Anyone who actually follows what has been happening in rich media development for the web already had a clue that Flash would eventually be challenged by open standards. I figured this out two years ago at Apple's developer conference when there was demo after demo of HTML 5 rich media, including clean vector animation - which was how Flash got it's start. I sat next to a friend who is a flash developer, and he told me that he would keep developing in flash because it would take too long for him to learn another development environment. I bet at this point he is reevaluating that position.

The good news for Flash developers is that they will be able to continue to develop flash applications for the near future. There will still be demand. But this is also the bad news as well; there is no "the house is on fire" scenario that will force entrenched Flash developers to change, which will set them up for a scenario similar to the company mentioned above that makes the IE specific MLS system.

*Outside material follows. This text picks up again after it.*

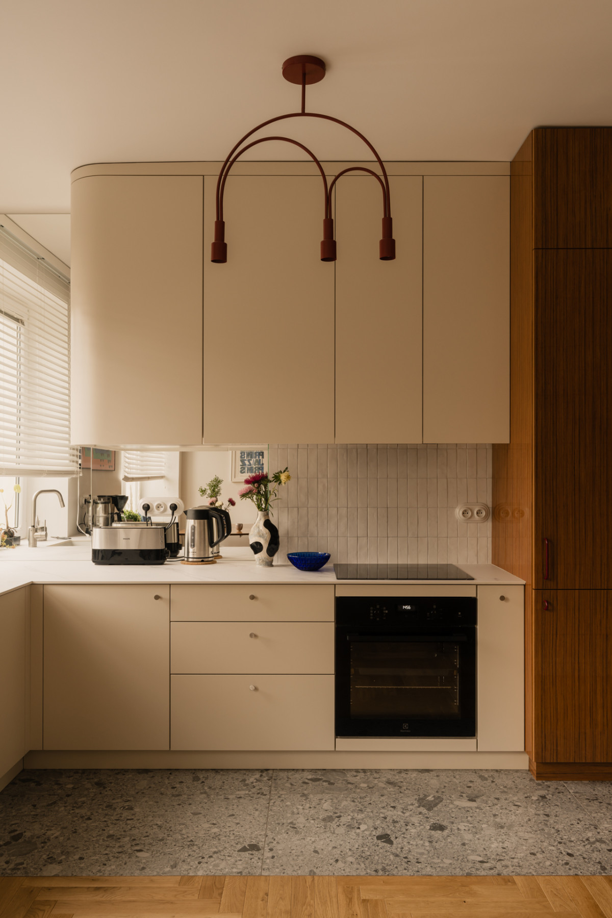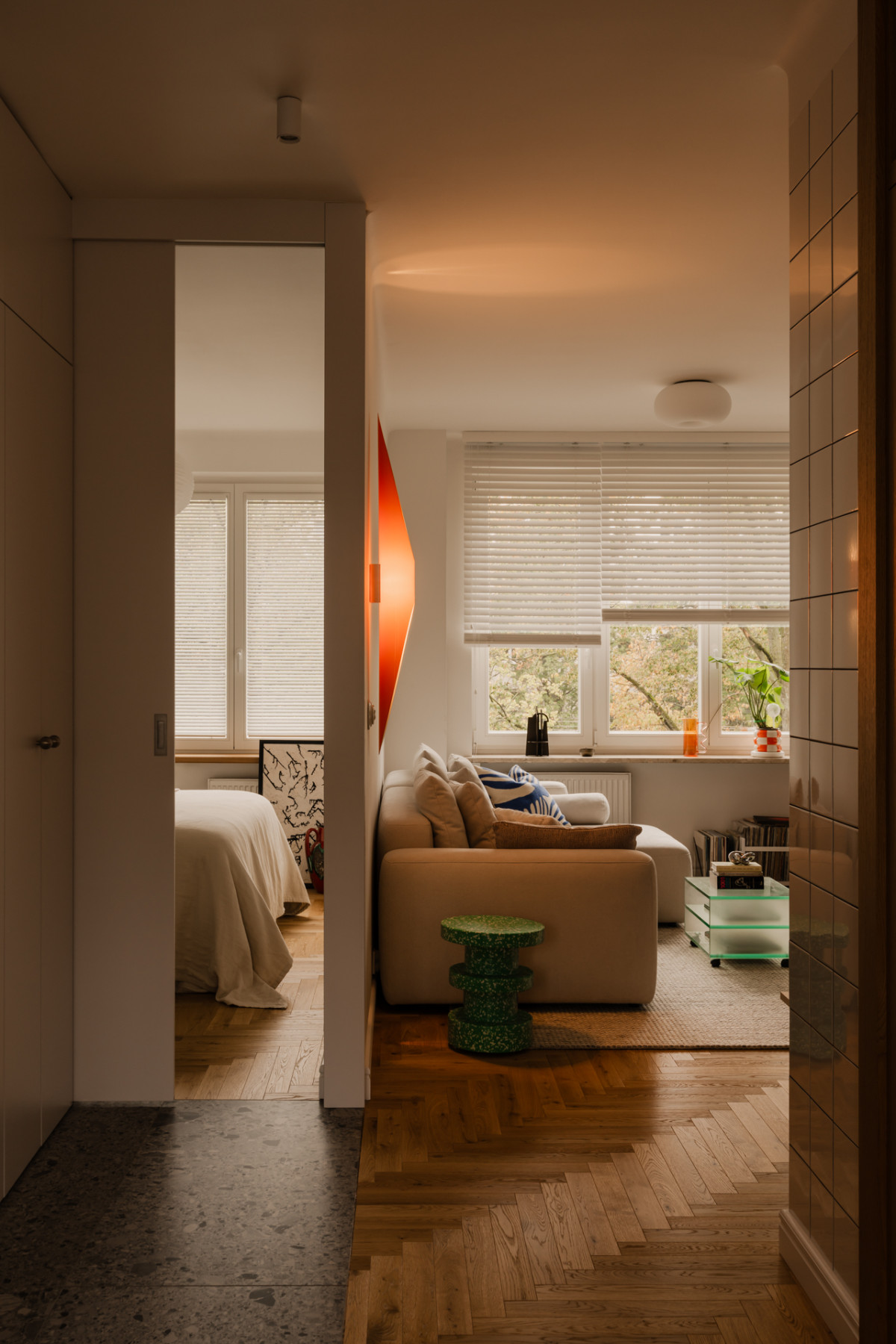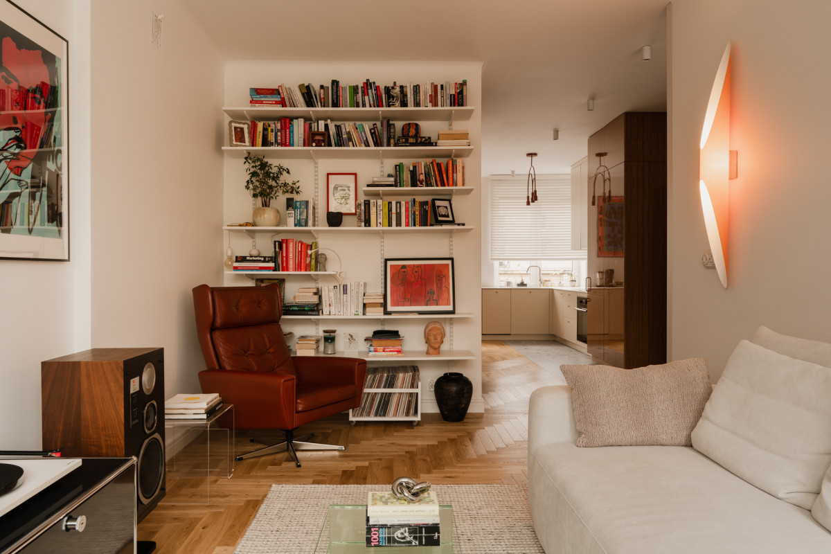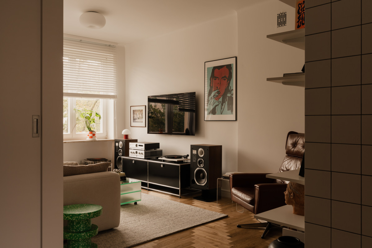 Mimo estetycznego wyczucia i obecności wysokiej klasy designu, mokotowskie wnętrze nie chce imponować. Jest raczej miejscem, w którym ma się dobrze i wygodnie żyć. Atmosferę domowego ciepła tworzą tu m.in. materiały, faktury, światło i muzyka płynąca z gramofonu. Retro detale, jak ceramiczne włączniki, współgrają z nowoczesnymi akcentami, a poszczególne przedmioty i dekoracje snują nowe historie oraz przywołują cenne wspomnienia.

At some point, these developers will look up from their code, and realize the world has changed underneath them, and now they are in a situation where they have to either adapt quickly, or get left in the dust.

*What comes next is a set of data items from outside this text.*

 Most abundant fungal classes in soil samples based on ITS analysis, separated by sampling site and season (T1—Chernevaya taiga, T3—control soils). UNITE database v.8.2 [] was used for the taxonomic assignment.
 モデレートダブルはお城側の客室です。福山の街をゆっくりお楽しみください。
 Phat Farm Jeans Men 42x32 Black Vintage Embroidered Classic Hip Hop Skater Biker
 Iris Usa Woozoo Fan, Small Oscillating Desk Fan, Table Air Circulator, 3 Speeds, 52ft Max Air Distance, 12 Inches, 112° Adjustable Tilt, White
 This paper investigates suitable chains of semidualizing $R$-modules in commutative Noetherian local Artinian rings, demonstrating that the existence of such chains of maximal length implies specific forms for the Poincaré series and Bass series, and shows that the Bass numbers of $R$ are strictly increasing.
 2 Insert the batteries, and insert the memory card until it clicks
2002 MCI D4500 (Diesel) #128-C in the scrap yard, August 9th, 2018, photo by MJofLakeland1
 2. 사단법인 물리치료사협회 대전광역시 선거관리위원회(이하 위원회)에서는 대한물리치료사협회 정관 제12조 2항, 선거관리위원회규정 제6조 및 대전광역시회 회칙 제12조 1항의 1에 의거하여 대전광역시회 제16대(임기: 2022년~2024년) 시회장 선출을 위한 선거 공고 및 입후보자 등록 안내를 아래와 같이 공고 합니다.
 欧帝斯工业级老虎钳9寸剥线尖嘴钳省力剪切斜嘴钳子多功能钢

So - the point here is that the Flash issue is not an Adobe versus Apple thing; it is another example based on historical precedent where we are moving away from proprietary code and plugins towards open standards that can work across devices. It is what the web has always been about.

Tuesday, June 22, 2010

iPad, Kindle, etc.....

This article does a good job of summing up the dilemma both Amazon and Barnes and Noble face in selling ebooks - both have dropped the price of their readers today.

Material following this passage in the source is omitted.